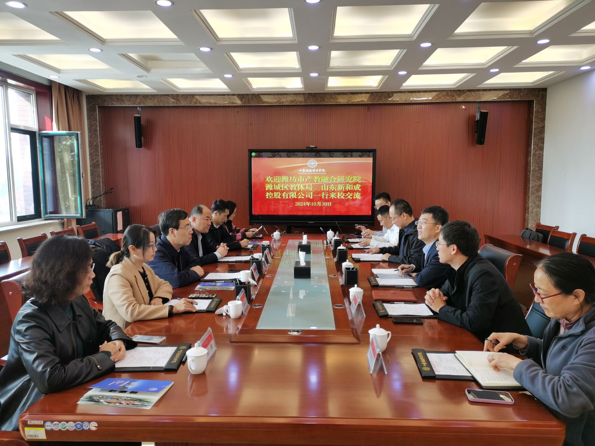 10月30日上午,濰坊市產教融合研究院、濰城區教體局、山東新和成控股有限公司一行來我校交流考察山科-現代醫藥產業學院建設情況。副校長張振東會見來訪客人,并座談交流。會議由生物與化學工程系主任主持,招生就業處副處長、生物與化學工程系專業主任、副主任參會。
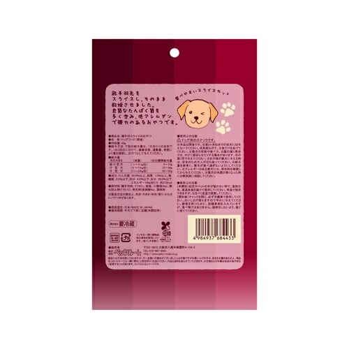【使用上の注意】ドッグ用のスナックです。※本品は間食です。生後3ヶ月位まで(離乳期前後)の幼犬には与えないでください。成長期なので、主食だけをあげてください。※愛犬の性格や食べ方、お腹の減り具合では、のどに詰まらせたりする場合があります。個体差により適切な大きさにして、目の届く所で与えてください。※お子様が愛犬に与える時は、安全のため大人が立ち会ってください。※給与量を参考に、愛犬が食べ過ぎないようにしてください。※アレルギーのある愛犬には、原材料を確認してから与えてください。※愛犬の体調が悪くなった時には獣医師に相談してください。【保存上の注意】〈未開封〉幼児やペットの手が届かない所で、直射日光、高温多湿を避けて保存してください。常温で保存できますが、なるべく低温で保管してください。〈開封後〉チャックを閉じ、必ず冷蔵庫で保存してください。おいしさが落ちますので早めに与えてください。鮮度を保つために、脱酸素剤を入れていますが、食べ物ではありません。誤飲をしないよう、直ぐに捨ててください。
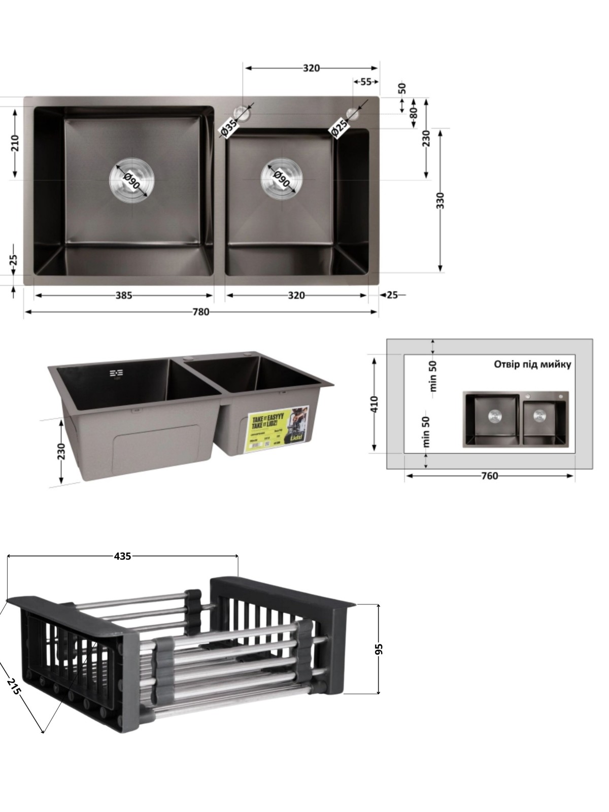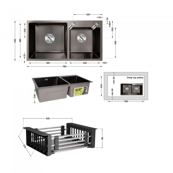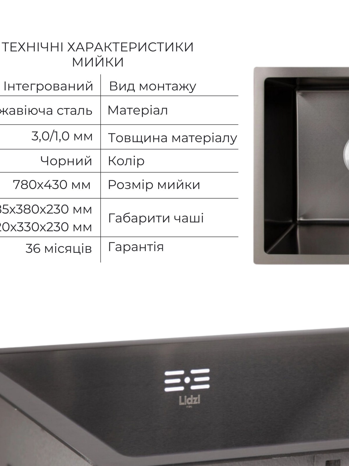Комплектація: Мийка (LDH7843BPVD45586), кошик (LIDZK01B)
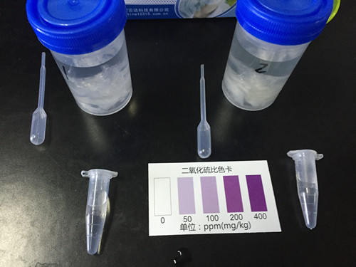 在1.5ml離心管中先滴加2滴檢測液A,1滴檢測液B,上下?lián)u動(dòng),混勻;然后加入1ml樣品液,立即蓋塞混勻。放臵5分鐘觀察顏色變化,并與色卡對(duì)照,得出樣品中二氧化硫或亞硫酸鹽是否超標(biāo)的信息。
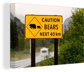 Panneau d'avertissement ours 120x80 cm - Tirage photo sur toile (Décoration murale salon / chambre)
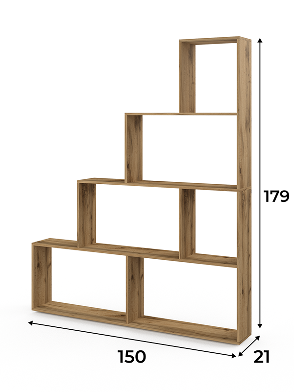 Высокий стеллаж «Имели» — это современное и универсальное решение для создания порядка и стиля в любом интерьере. Его впечатляющая высота (почти 1.8 м) и значительная ширина (1.5 м) при минимальной глубине (21 см) делают его идеальным инструментом для зонирования пространства, особенно в студиях, однокомнатных квартирах или просторных комнатах, где нужно визуально разделить функциональные области.
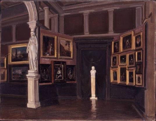 Eredetileg három tengely hosszúságú, gazdagon tagolt helyiség volt, ahol a falszakaszokat nyitott, törpeoszlopos kabinetsorok tagolták.
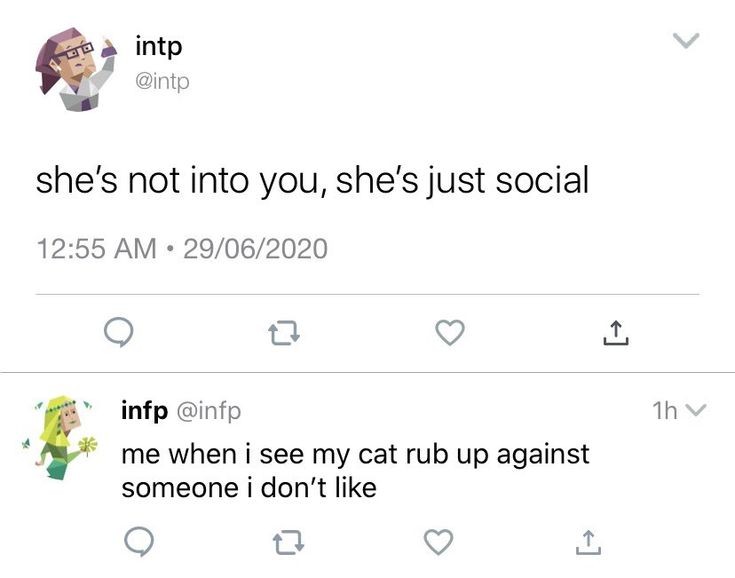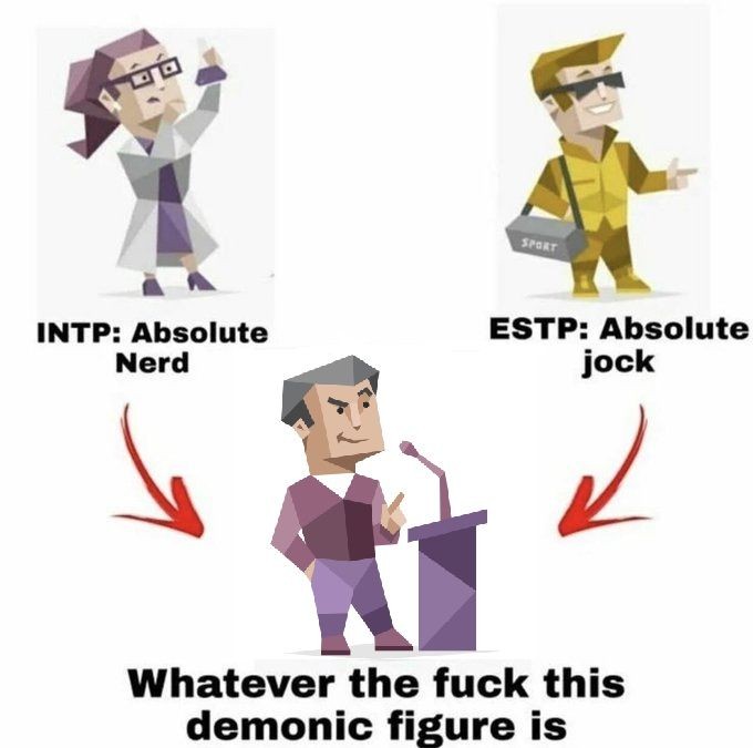 mbti系のネタ画像は海外のやつがいっぱいあるからなんでだ?って思ってたけどどうやらあっちだと日本人の血液型占い並みにミームが普及してるらしいね。血液型占いと同列に語るのはちょっとアレだけど

| Problem to work on |
Return exactly the lines that appear in the data above between the line containing "Комплектація: Мийка (LDH7843BPVD45586), кошик" and the line containing "Panneau d'avertissement ours", both of which are included, and leave the pictures out.

| Response to this task |
Комплектація: Мийка (LDH7843BPVD45586), кошик (LIDZK01B)
 在1.5ml離心管中先滴加2滴檢測液A,1滴檢測液B,上下?lián)u動(dòng),混勻;然后加入1ml樣品液,立即蓋塞混勻。放臵5分鐘觀察顏色變化,并與色卡對(duì)照,得出樣品中二氧化硫或亞硫酸鹽是否超標(biāo)的信息。
 Panneau d'avertissement ours 120x80 cm - Tirage photo sur toile (Décoration murale salon / chambre)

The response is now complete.